• [TASK GOAL] All lines from the one that contains "- Integrierte Abtropffunktion: Zum" to the end of the data must be retyped exactly. Pictures are not retyped.
■ ■ ■ ■ ■ ■ ■
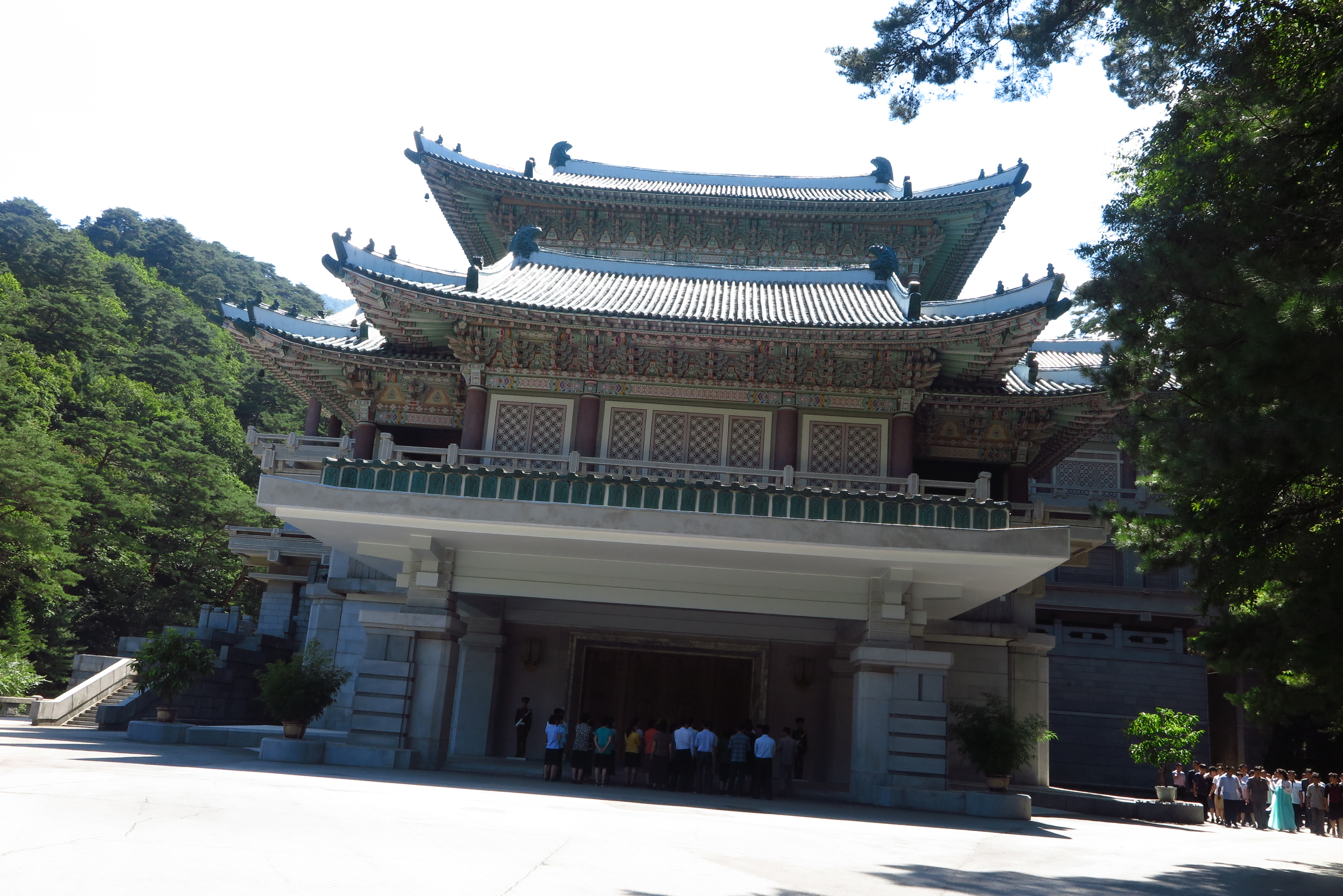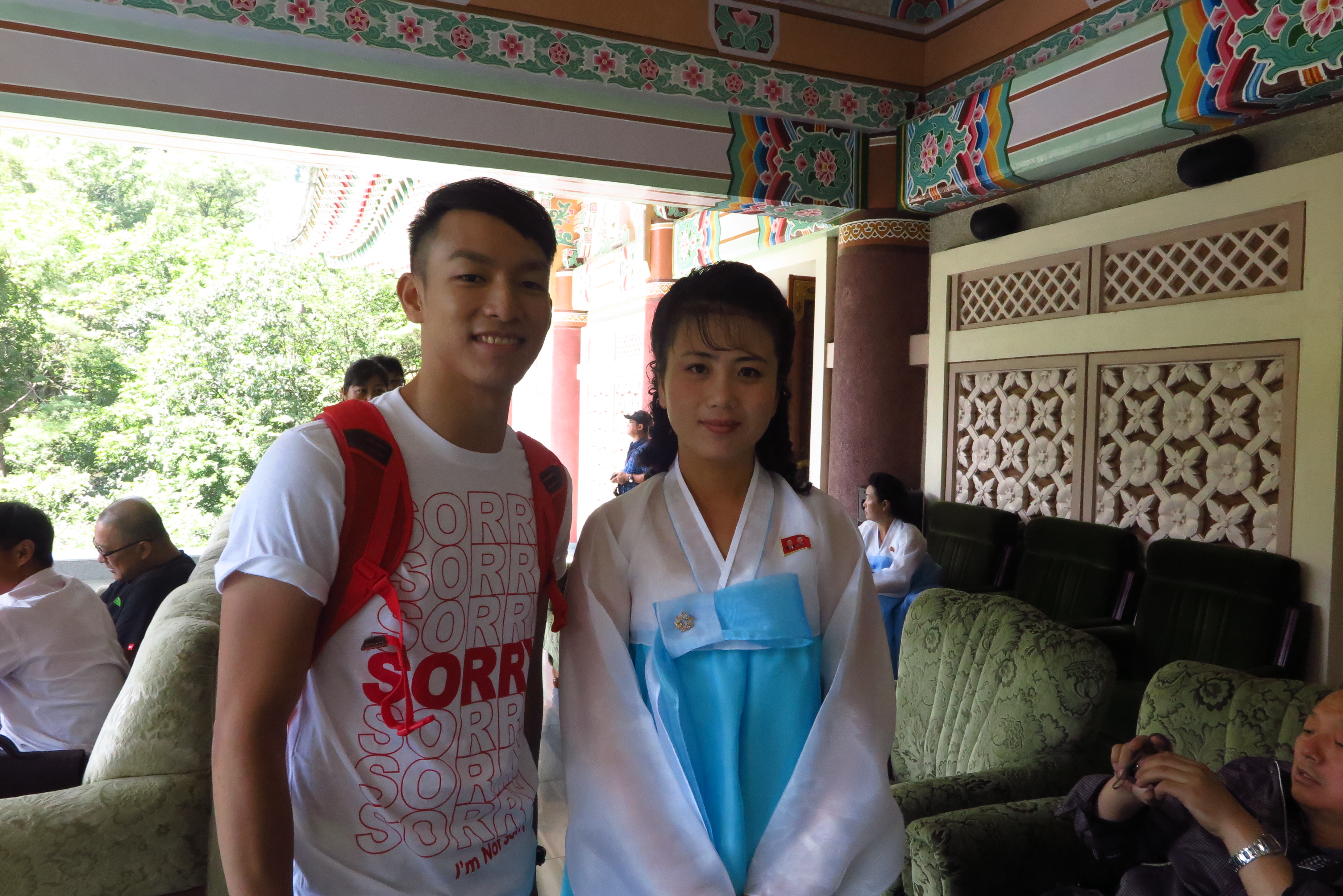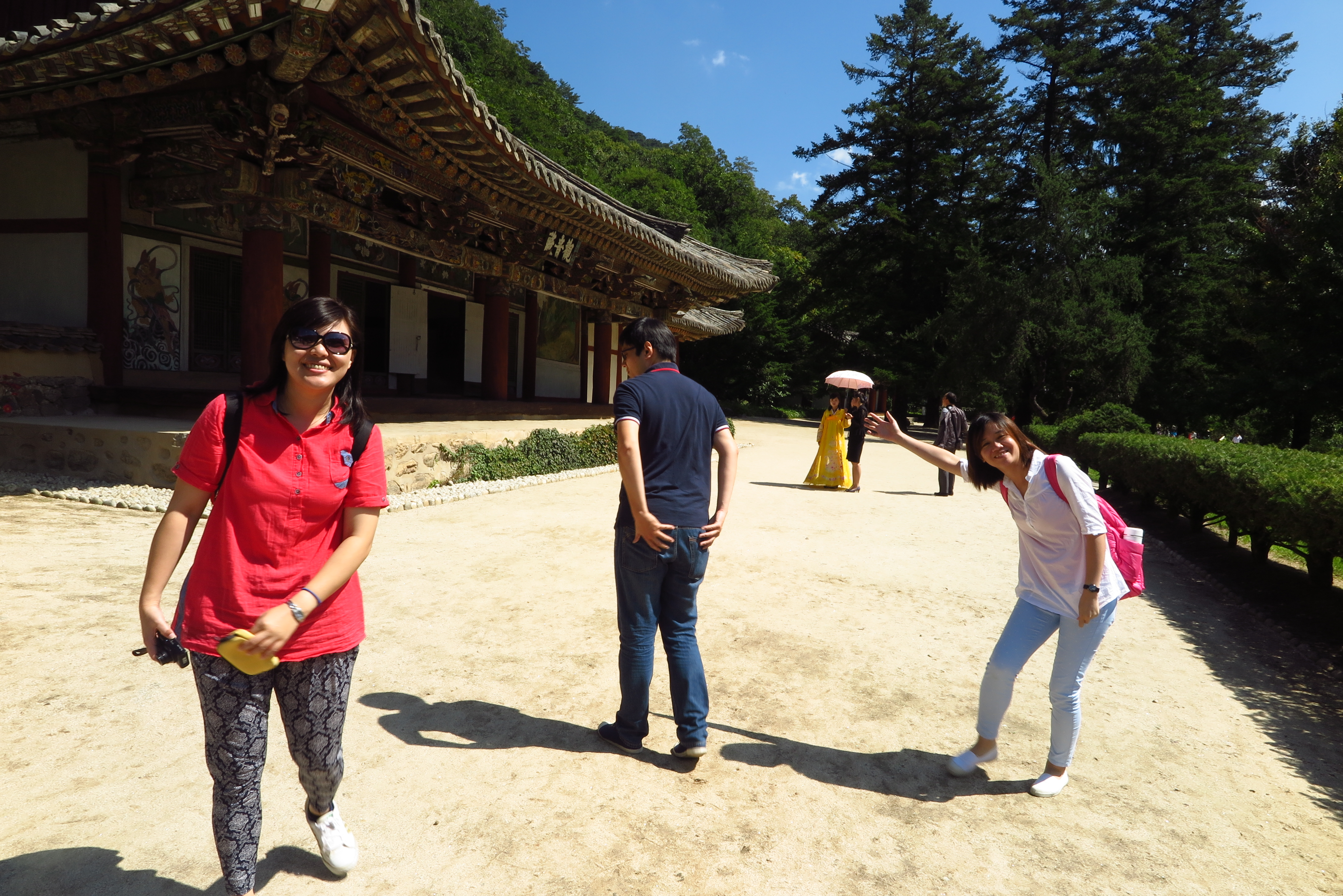 來到翠綠常青的妙香山,一心以為要來踏青聽鳥叫,誰不知中伏在國際友誼展覽館,隨後到身處深山的「普賢寺」,誰不知又來一個普賢寺的講解員帶領參觀,導遊前後包抄趕鴨仔,這次大部分時間我都撤底地不管講解員及導遊的引領,一直都是「落單團友」,講解員的介紹講過什麼呢?我也不知道,只顧著在寺內四處走、玩自拍,也趁機逛一下北朝鮮的寺廟、庭園,這裡的環境風景算是蠻漂亮的,加上藍天白雲、空氣又清新,一掃之前積壓著的悶氣。
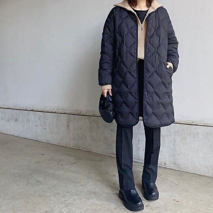 ミドル丈でヒップまで暖かく過ごせるのがユニクロの「ウルトラライトダウンリラックスコート/7,990円」。雨水をはじく耐久撥水機能が加わり、急な悪天候にも対応。スッキリとしたノーカラーのデザインをいかして、襟つきのニットをちょこんと出すと素敵です。
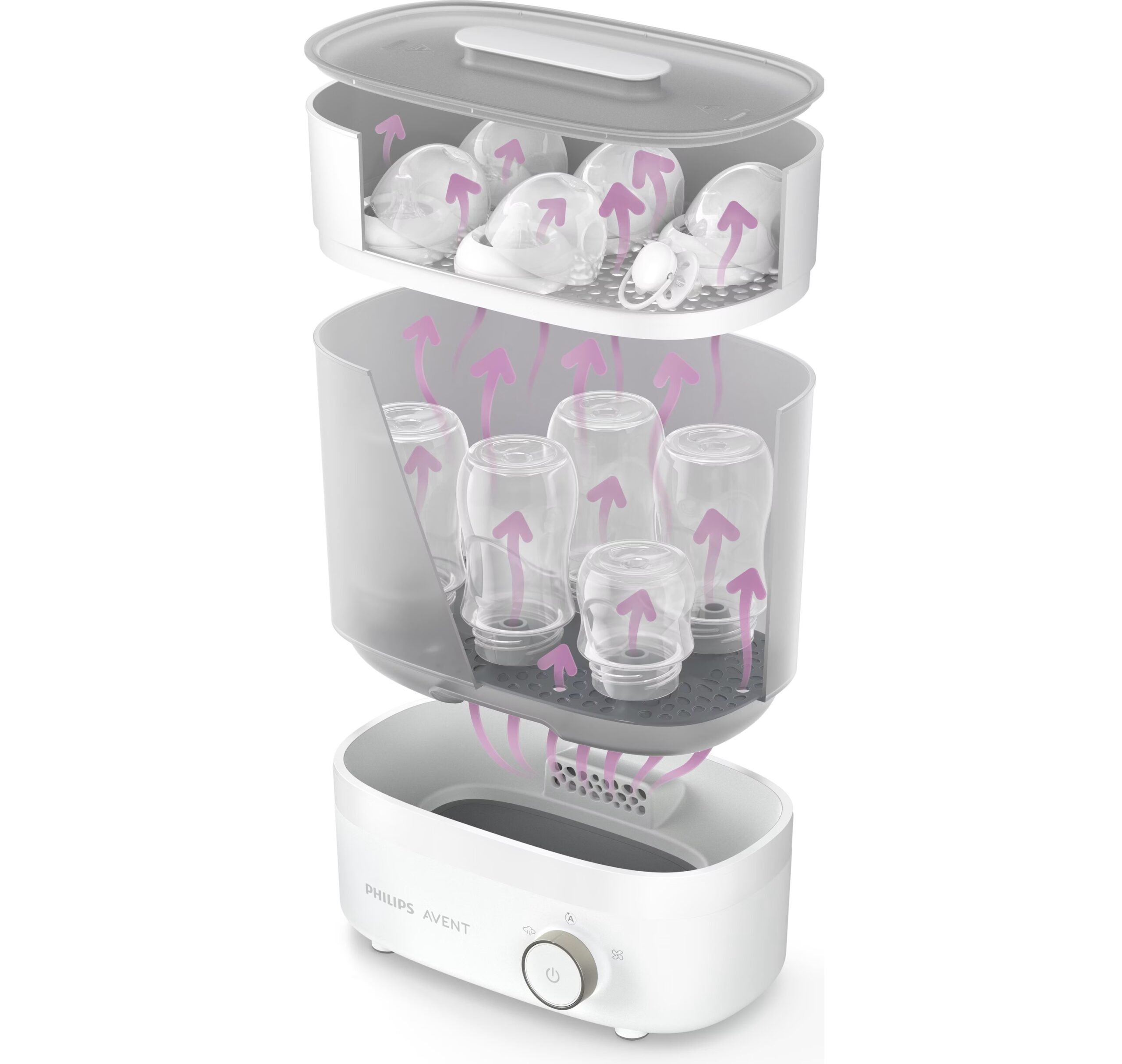 - Integrierte Abtropffunktion: Zum Sterilisieren, Trocknen und Aufbewahren
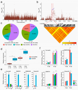 R1周?chē)s合性降低的選擇信號(hào),并且MeTIR1在攜帶GG等位基因的材料中的表達(dá)顯著高于攜帶CG和CC等位基因的材料(圖4i),說(shuō)明MeTIR1純合變異促使塊根淀粉含量提升。并通過(guò)瞬時(shí)過(guò)表達(dá)和沉默技術(shù)進(jìn)一步驗(yàn)證了MeTIR1在木薯中的功能。進(jìn)一步結(jié)合關(guān)聯(lián)分析發(fā)現(xiàn),對(duì)2號(hào)染色體攜帶MeAHL17 AA等位基因的材料,經(jīng)選擇馴化促使塊根產(chǎn)量提升的同時(shí)導(dǎo)致木薯細(xì)菌性枯萎病抗性丟失。
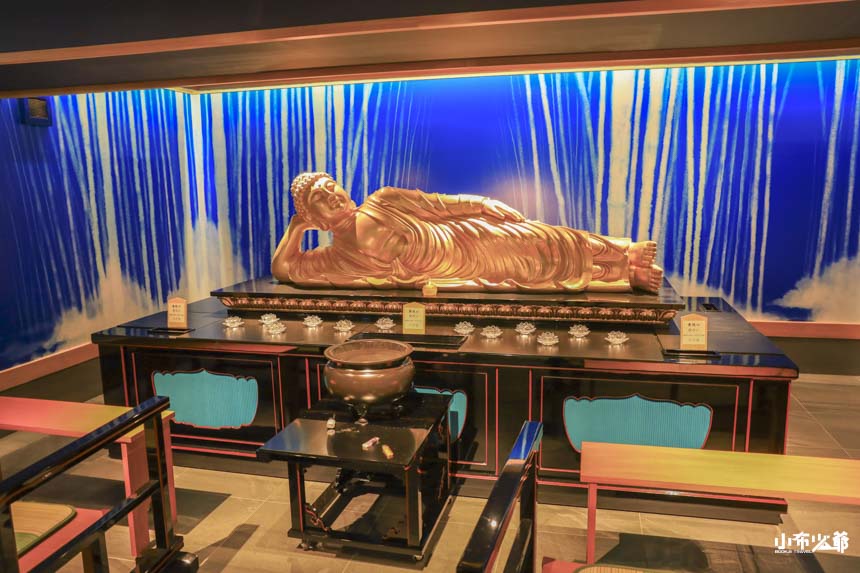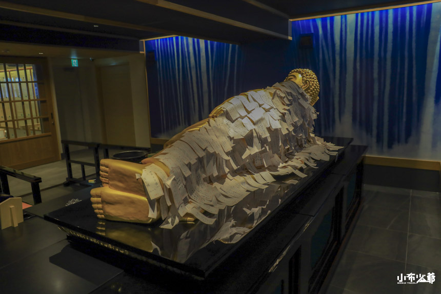 更令人驚喜的是,沿著牆慢慢往裡走,會出現一尊少見的 臥佛像。臥佛在日本寺院中非常罕見,西來院能擁有一尊,讓人多少會覺得有些神秘感。走到臥佛背面,更會看到牆面上貼滿了祈願小紙片,滿滿的心願寄託在佛身後,看起來似乎相當靈驗,也讓這個角落多了一種「守護」的力量。
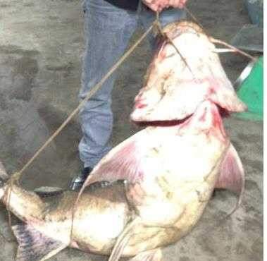 | Chú cá chiên to như bình ga vừa bị bắt |
■ ■ ■ ■ ■ ■ ■
• [SOLUTION FOR THIS TASK]
 - Integrierte Abtropffunktion: Zum Sterilisieren, Trocknen und Aufbewahren
 R1周?chē)s合性降低的選擇信號(hào),并且MeTIR1在攜帶GG等位基因的材料中的表達(dá)顯著高于攜帶CG和CC等位基因的材料(圖4i),說(shuō)明MeTIR1純合變異促使塊根淀粉含量提升。并通過(guò)瞬時(shí)過(guò)表達(dá)和沉默技術(shù)進(jìn)一步驗(yàn)證了MeTIR1在木薯中的功能。進(jìn)一步結(jié)合關(guān)聯(lián)分析發(fā)現(xiàn),對(duì)2號(hào)染色體攜帶MeAHL17 AA等位基因的材料,經(jīng)選擇馴化促使塊根產(chǎn)量提升的同時(shí)導(dǎo)致木薯細(xì)菌性枯萎病抗性丟失。
 更令人驚喜的是,沿著牆慢慢往裡走,會出現一尊少見的 臥佛像。臥佛在日本寺院中非常罕見,西來院能擁有一尊,讓人多少會覺得有些神秘感。走到臥佛背面,更會看到牆面上貼滿了祈願小紙片,滿滿的心願寄託在佛身後,看起來似乎相當靈驗,也讓這個角落多了一種「守護」的力量。
 | Chú cá chiên to như bình ga vừa bị bắt |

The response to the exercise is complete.